In humans, we have a combination of (a) knowing a lot about evolution and neuroscience and (b) being humans ourselves. Taken together, these two things bridge the gap of a lot of missing or contentious philosophical knowledge - we don't have to know exactly what qualia are to be pretty confident that other humans have them via introspection + knowing that the generators are (mechanically) very similar. Also, we know that the generators of goodness and sentience in humans generalize well enough, at least from median to >.1%ile humans - for the same reasons (a) and (b) above, we can be pretty confident that the smartest and most good among us feel love, pain, sorrow, etc. in roughly similar ways to everyone else, and being multiple standard deviations (upwards) among humans for smartness and / or goodness (usually) doesn't cause a person to do crazy / harmful things. I don't think we have similarly strong evidence about how AIs generalize even up to that point (let alone beyond).
Not sure where / if you disagree with any of this, but either way, the point is that I think that "I would pick Opus over a human" for anything CEV-adjacent implies a lot more confidence in a philosophy of both human and AI minds than is warranted.
In the spirit of making empirical / falsifiable predictions, a thing that would change my view on this is if AI researchers (or AIs themselves) started producing better philosophical insights about consciousness, metaethics, etc. than the best humans did in 2008, where these insights are grounded by their applicability to and experimental predictions about humans and human consciousness (rather than being self-referential / potentially circular insights about AIs themselves). I don't think Eliezer got everything right about philosophy, morality, consciousness, etc. 15y ago, but I haven't seen much in the way of public writing or discourse that has improved on things since then, and in many ways the quality of discourse has gotten worse. I think it would be a positive sign (but don't expect to see it) if AIs were to change that.
I think this is closer to a restatement of your / Dario's position, rather than a crux. My claim is that it doesn't matter whether specific future AIs are "naturally" consequentialists or something else, or how many degrees of freedom there are to be or not be a consequential and still get stuff done. Without bringing AI into it at all, we can already know (I claim, but am not really expanding on here), that consequentialism itself is extremely powerful, natural, optimal, etc. and there are some very general and deep lessons that we can learn from this. "There might be a way to build an AI without all that" or even "In practice that won't happen by default given current training methods, at least for a while" could be true, but it wouldn't change my position.
OK, sure.
Right, this is closer to where I disagree. I think there is a strong argument about this that doesn't have anything to do with "shaped cognition" or even AI in particular.

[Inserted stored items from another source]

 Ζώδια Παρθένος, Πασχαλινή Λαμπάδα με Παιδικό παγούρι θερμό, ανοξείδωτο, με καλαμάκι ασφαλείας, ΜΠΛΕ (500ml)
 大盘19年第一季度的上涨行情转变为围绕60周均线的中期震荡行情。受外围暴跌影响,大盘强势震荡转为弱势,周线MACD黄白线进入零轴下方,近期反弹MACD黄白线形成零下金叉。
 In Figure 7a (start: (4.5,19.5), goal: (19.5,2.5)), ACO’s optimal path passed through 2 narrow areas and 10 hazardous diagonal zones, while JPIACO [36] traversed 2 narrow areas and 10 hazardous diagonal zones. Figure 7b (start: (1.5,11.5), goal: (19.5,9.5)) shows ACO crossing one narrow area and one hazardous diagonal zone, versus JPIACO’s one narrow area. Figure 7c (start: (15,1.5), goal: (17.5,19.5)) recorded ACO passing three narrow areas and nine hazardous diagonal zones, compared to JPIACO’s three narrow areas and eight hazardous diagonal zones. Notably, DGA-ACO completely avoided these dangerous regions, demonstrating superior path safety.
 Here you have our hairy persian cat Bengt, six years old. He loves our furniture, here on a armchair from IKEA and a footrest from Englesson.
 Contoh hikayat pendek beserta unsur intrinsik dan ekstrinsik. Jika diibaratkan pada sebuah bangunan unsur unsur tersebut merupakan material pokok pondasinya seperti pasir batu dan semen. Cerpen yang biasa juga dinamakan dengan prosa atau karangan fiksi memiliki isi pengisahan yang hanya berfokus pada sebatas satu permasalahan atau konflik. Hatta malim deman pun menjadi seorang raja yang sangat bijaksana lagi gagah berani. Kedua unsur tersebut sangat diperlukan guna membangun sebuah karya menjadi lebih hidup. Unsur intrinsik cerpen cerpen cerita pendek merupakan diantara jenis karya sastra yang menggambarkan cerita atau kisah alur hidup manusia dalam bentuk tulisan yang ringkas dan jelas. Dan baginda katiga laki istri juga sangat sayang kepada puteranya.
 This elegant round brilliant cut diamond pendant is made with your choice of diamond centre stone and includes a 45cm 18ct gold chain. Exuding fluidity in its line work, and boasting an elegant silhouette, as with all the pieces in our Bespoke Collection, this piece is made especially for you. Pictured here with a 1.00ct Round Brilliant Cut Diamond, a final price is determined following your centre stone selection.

I would flag this as exactly the wrong kind of lesson / example to learn something interesting about consequentialism - failure and mediocrity are overdetermined; it's just not that interesting that there are particular contrived examples where some humans fail at applying consequentialism. Some of the best places to look for the deeper lessons and intuitions about consequentialism are environments where there is a lot of cut-throat competition, possibility for outlier success and failure, not artificially constrained or bounded in time or resources, etc.